▶ [Your goal] Copied exactly and without pictures, the lines from the beginning of the entries through the one that holds "Cotton Rectangular Table" should form the entire reply.

▶ [Data to process]

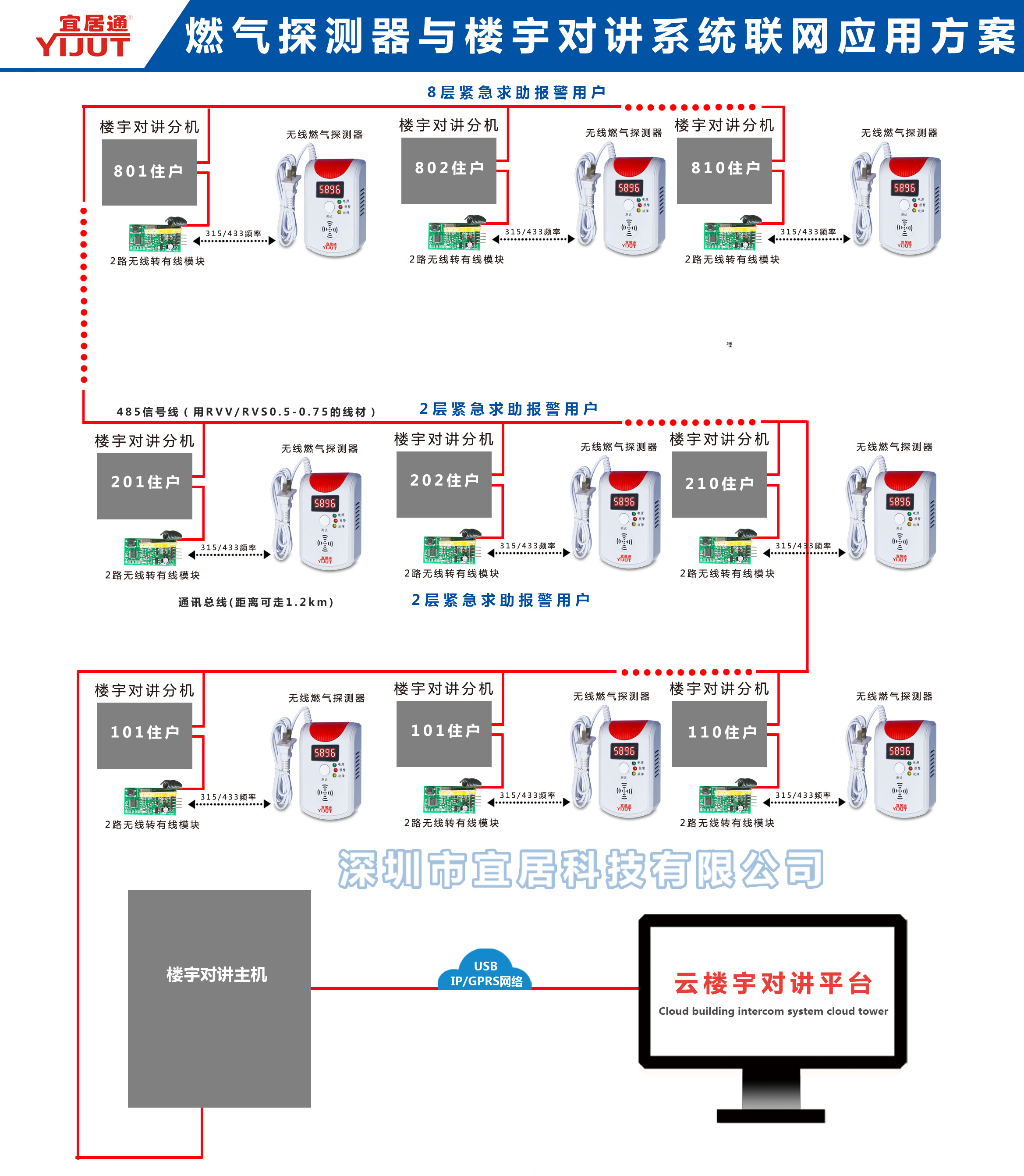 以下是無(wú)線燃?xì)馓綔y(cè)報(bào)警器與智能樓宇對(duì)講系統(tǒng)聯(lián)網(wǎng)應(yīng)用方案圖
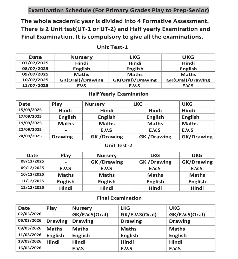 Examination Schedule for Play to Prep-Senior
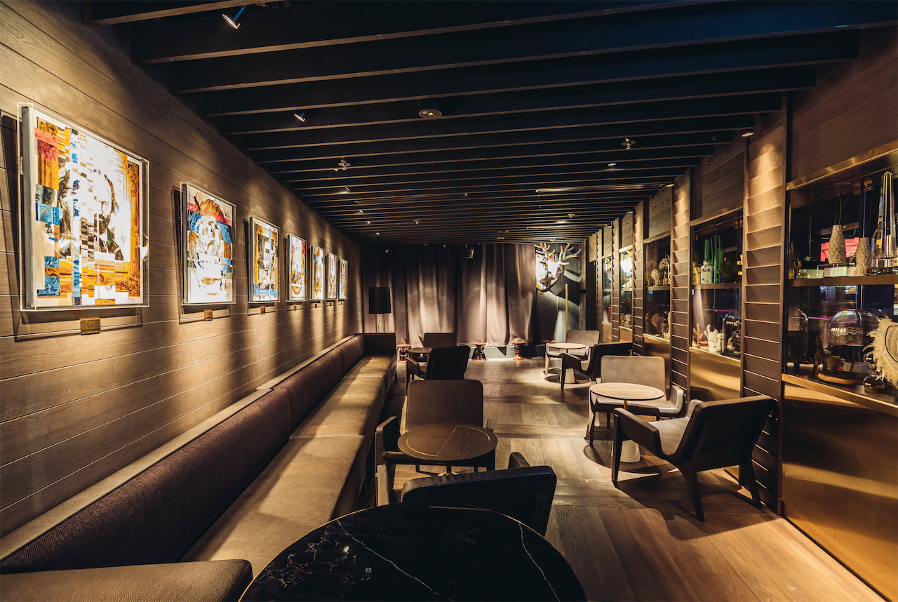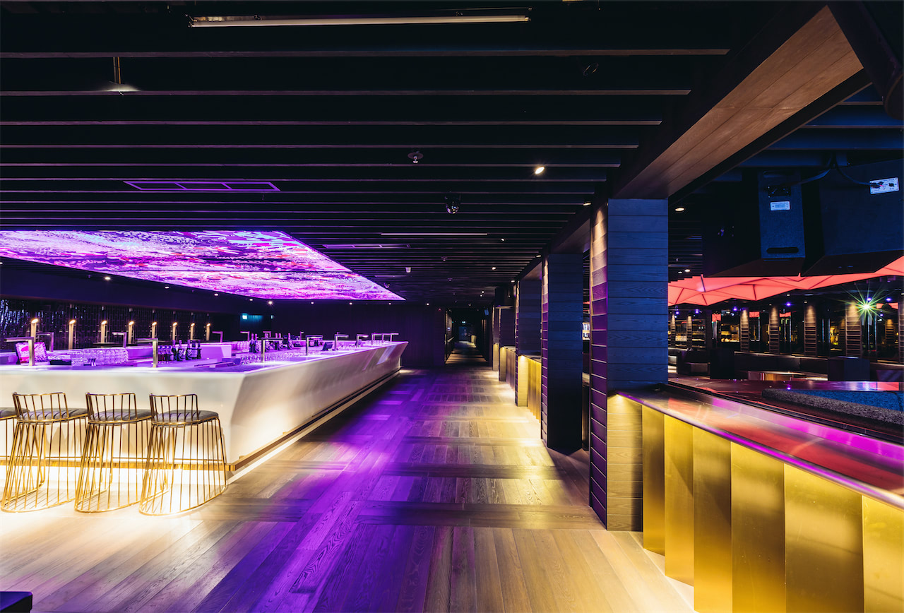 Additionally, there is an LED screen behind the oval DJ booth with curated content to complete the necessary media elements of this modern and luxurious space.
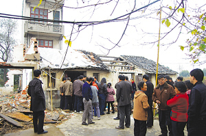 因?yàn)槠较锎宕迕褚呀?jīng)搬遷離村,聚集在老徐家門(mén)口的都是10米開(kāi)外的大巷村村民。一位村民告訴記者:“拆遷搞建設(shè),我們可以理解,可是,前提是要保護(hù)好拆遷戶的合法利益,有人出此毒招試圖將人趕走,真是無(wú)法無(wú)天。”
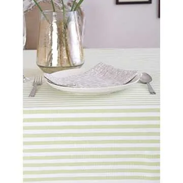 Cotton Rectangular Table Cloth (60 x 120 Inches), Green & White Stripe - Perfect For Spring, Summer, Holidays - Christmas And For Everyday Use
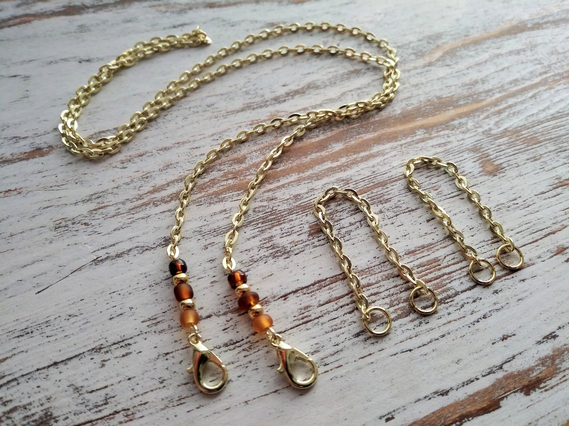 FITS ALL MASKS, Gold Mask Chain, Fall, Autumn, Face Mask Necklace, Holds Mask, Necklace Lanyard, Mask Keeper, Goldtone Chain, Glass Beads
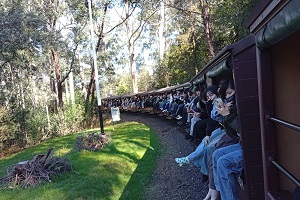 そして、メルボルン郊外のパッフィンビリー鉄道へ!20世紀初めから走るオーストラリア最古の蒸気機関車からの眺めを満喫しました!びっくりしたのですが、脚を出して乗ることができるのだそうです!!
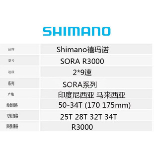 手变版 SHIMANO禧玛诺SORA R3000折叠车公路车9速变速大套件指拨版
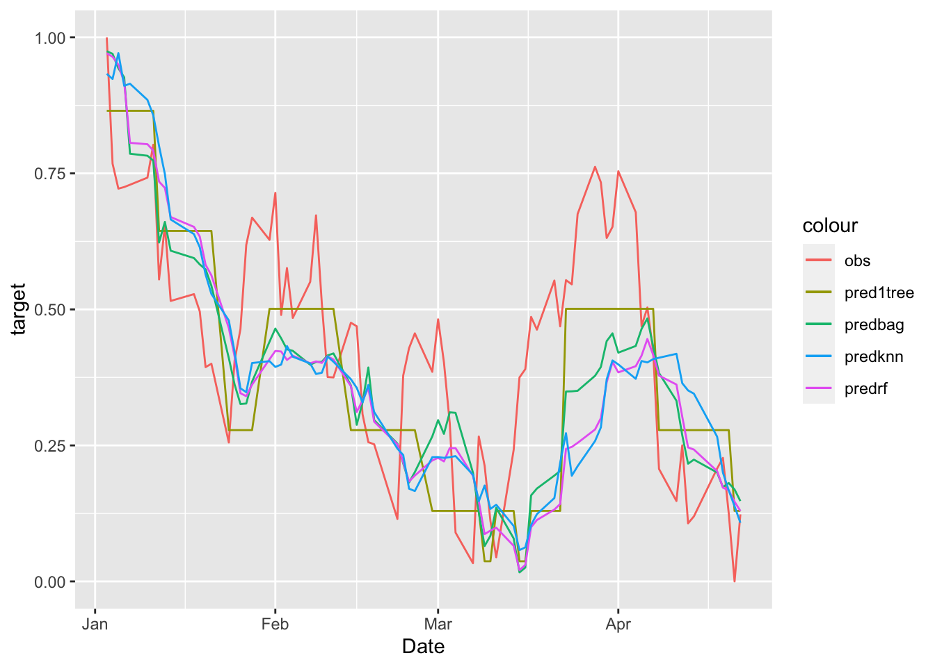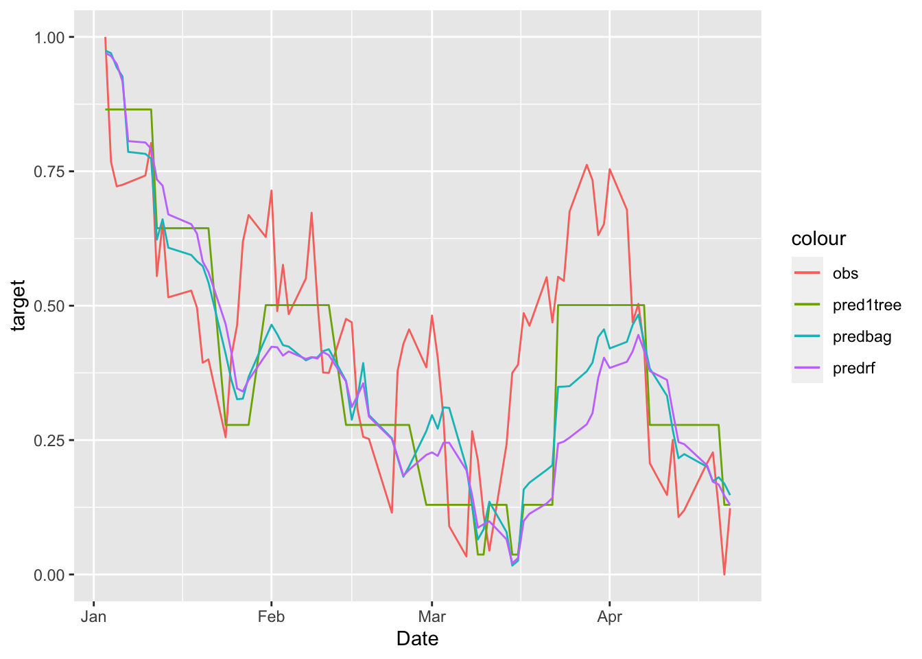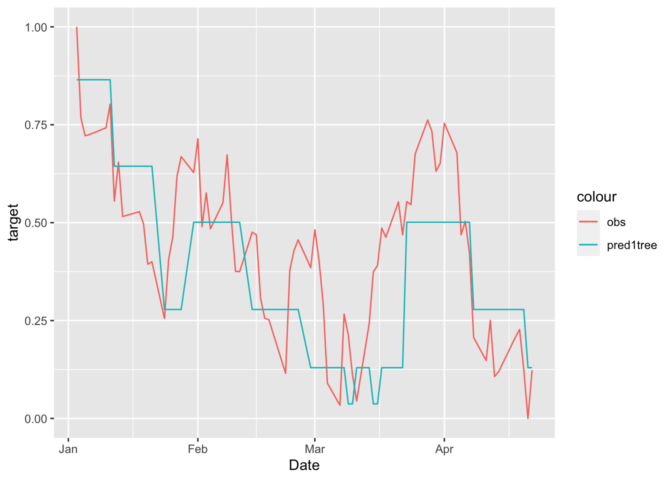 geom_line(aes(Date,predsingletree, col="pred1tree")) +

▶ [Result below]
 以下是無(wú)線燃?xì)馓綔y(cè)報(bào)警器與智能樓宇對(duì)講系統(tǒng)聯(lián)網(wǎng)應(yīng)用方案圖
 Examination Schedule for Play to Prep-Senior
 Additionally, there is an LED screen behind the oval DJ booth with curated content to complete the necessary media elements of this modern and luxurious space.
 因?yàn)槠较锎宕迕褚呀?jīng)搬遷離村,聚集在老徐家門(mén)口的都是10米開(kāi)外的大巷村村民。一位村民告訴記者:“拆遷搞建設(shè),我們可以理解,可是,前提是要保護(hù)好拆遷戶的合法利益,有人出此毒招試圖將人趕走,真是無(wú)法無(wú)天。”
 Cotton Rectangular Table Cloth (60 x 120 Inches), Green & White Stripe - Perfect For Spring, Summer, Holidays - Christmas And For Everyday Use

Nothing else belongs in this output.